The median duration of hospital stay in this study was found to

The median duration of hospital stay in this study was found to be longer than that reported by other authors [3,9]. This can be explained by large number of patients with postoperative complications which usually need long duration of hospitalization. The present study had a mortality rate of 11.2%, which is higher than the rate quoted by Manilal Inhibitors,research,lifescience,medical et al. [9]. Factors responsible for the high mortality rate in our study were associated co-morbidities, delayed presentation and presence of complications. In our study, the cut throat injuries were successfully without complications in 89.7% of cases which is similar to other studies reported elsewhere [9,11]. Self discharge by

patient against medical advice is recognized problem in our setting and this is rampant, especially Inhibitors,research,lifescience,medical amongst surgical patients. Similarly, poor follow up visits

after discharge from hospitals remain a cause for concern. In the present study, only 36.8% of survivors were available for follow up which is in keeping with other studies done in developing countries [3,9,11]. The potential limitation of this study is the fact that information about some patients was incomplete in view of the retrospective nature of the study. This might have introduced some bias in our buy BIBR 1532 findings. Conclusions Cut throat injuries have become a major cause of morbidity and mortality among young Inhibitors,research,lifescience,medical males in our society where resources for prehospital and hospital trauma care Inhibitors,research,lifescience,medical are limited. High rates of unemployment, poor socio-economic status, poor education, poverty and substance abuse have been reported to be responsible for these injuries in our society. Addressing the root causes of violence such as poverty, unemployment, Inhibitors,research,lifescience,medical and substance abuse will reduce the incidence of cut throat injuries in our environment. Establishment of efficient emergency health

care services for pre-hospital care and effective ambulance system for rapid transport of injured victims to hospital will reduce morbidity and mortality associated with these injuries. Competing interests The authors declare that they have no competing interests.
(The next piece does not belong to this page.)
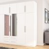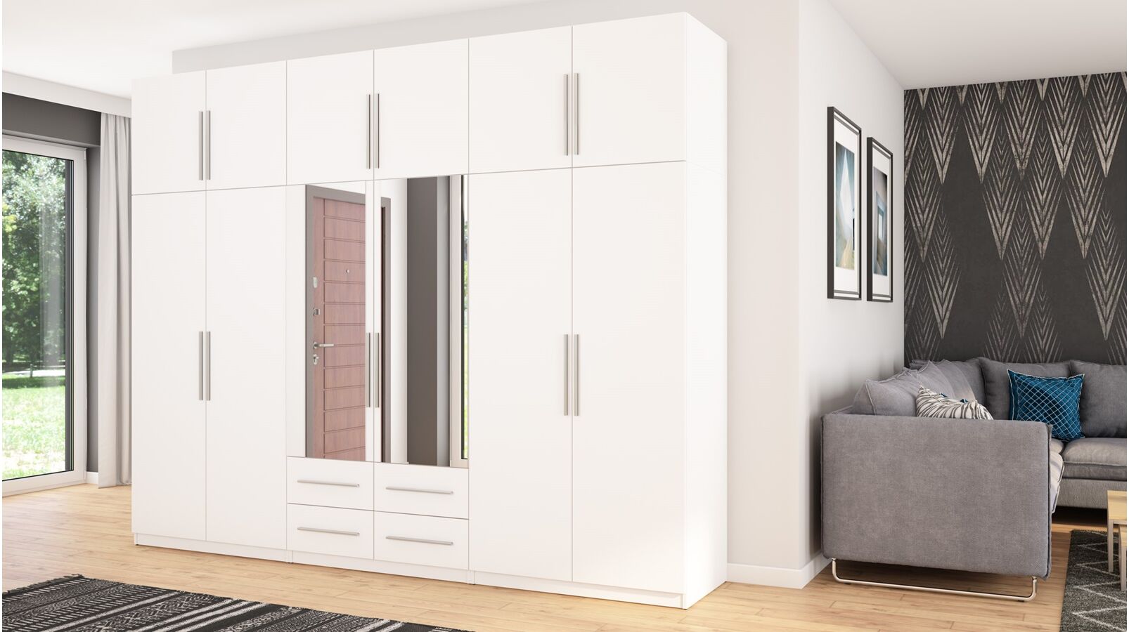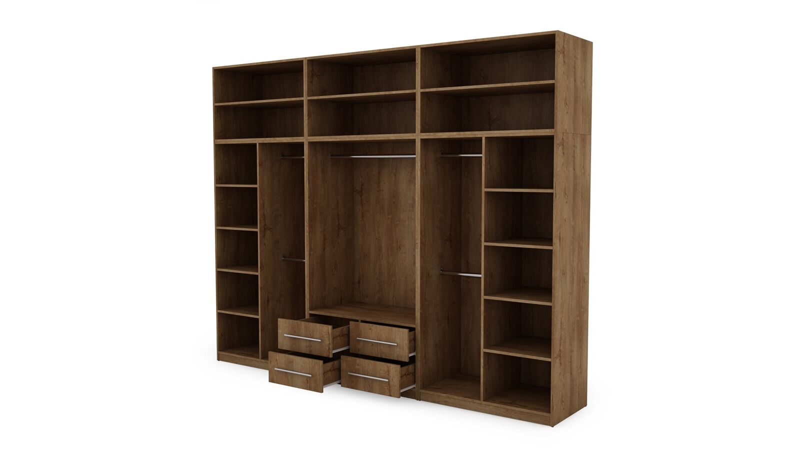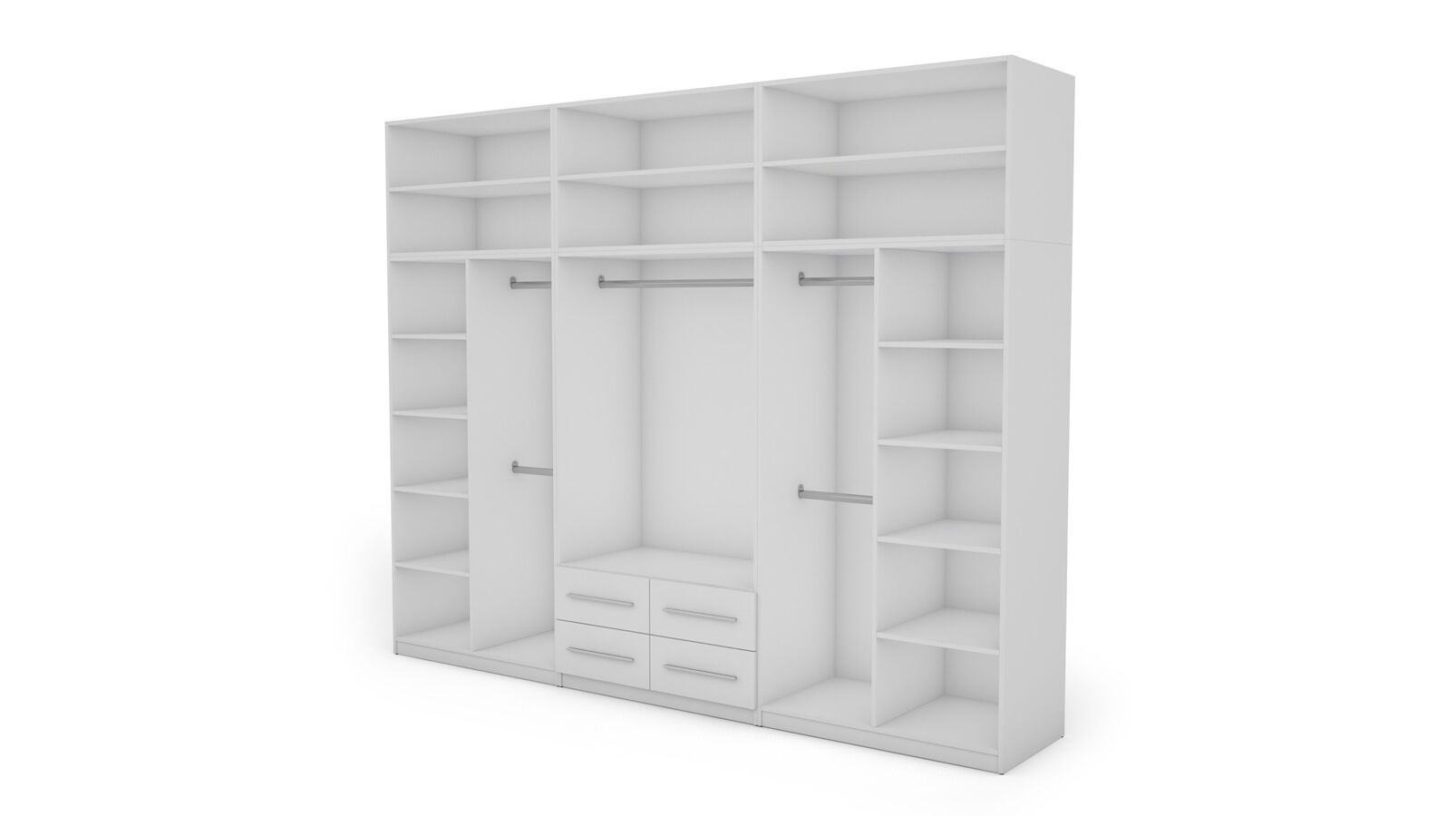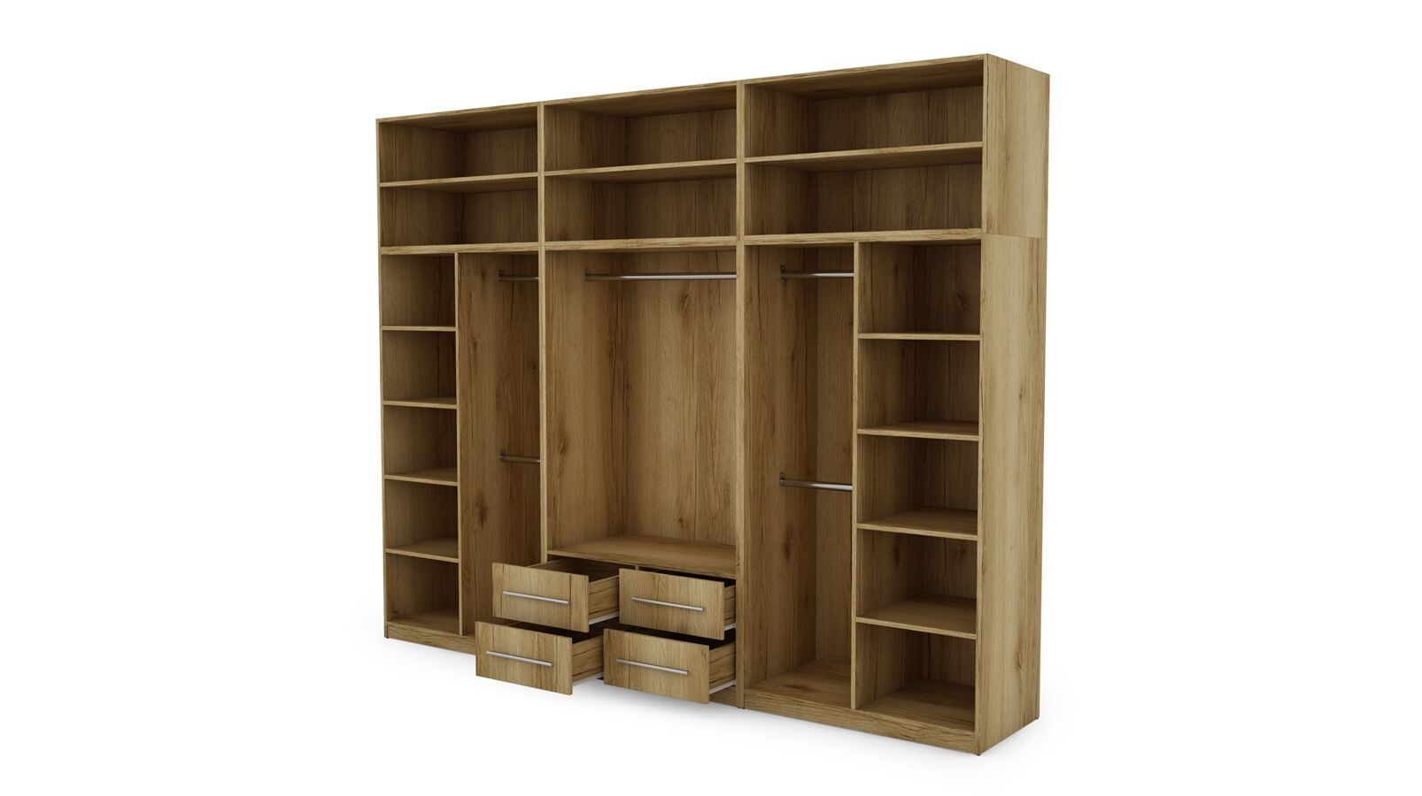 Spinta pagaminta iš aukščiausios kokybės 18 mm dvipusės laminuotos plokštės iš Pfleiderer.• Visi elementai padengti itin atspariu 0,8 mm storio PVC apvadu, taip pat ir apatinėje grindų pusėje. Dėl to spinta įgavo papildomą apsaugą nuo drėgmės plaunant grindis.• Galinės sienelės pagamintos iš HDF plokštės, laminuotos iš vienos pusės (baldo korpuso spalvos), 3 mm storio.• Metalinės drabužių kabyklos.• Problema dėl nelygių grindų? Spintos kojelės tvirtos, reguliuojamos sklendės (užmaskuotas nuimamu cokoliu). Dėl to galite lengvai reguliuoti drabužių spintos lygį.

Authors’ contributions JMG conceived the study, participated in the design and coordination of the study and drafted the manuscript. KAH and PLC of contributed in study design, literature search, data analysis, manuscript writing and editing. In addition PLC submitted the manuscript. All the authors read and approved the final manuscript. Pre-publication history The pre-publication history for this paper can be accessed here: http://www.biomedcentral.com/1471-227X/14/1/prepub Acknowledgements We are grateful to the Senior House Officers in the department of Surgery for their support in data collection. We also like to thank all members of staff in Medical Record department for their cordial help and support in data collection during this study.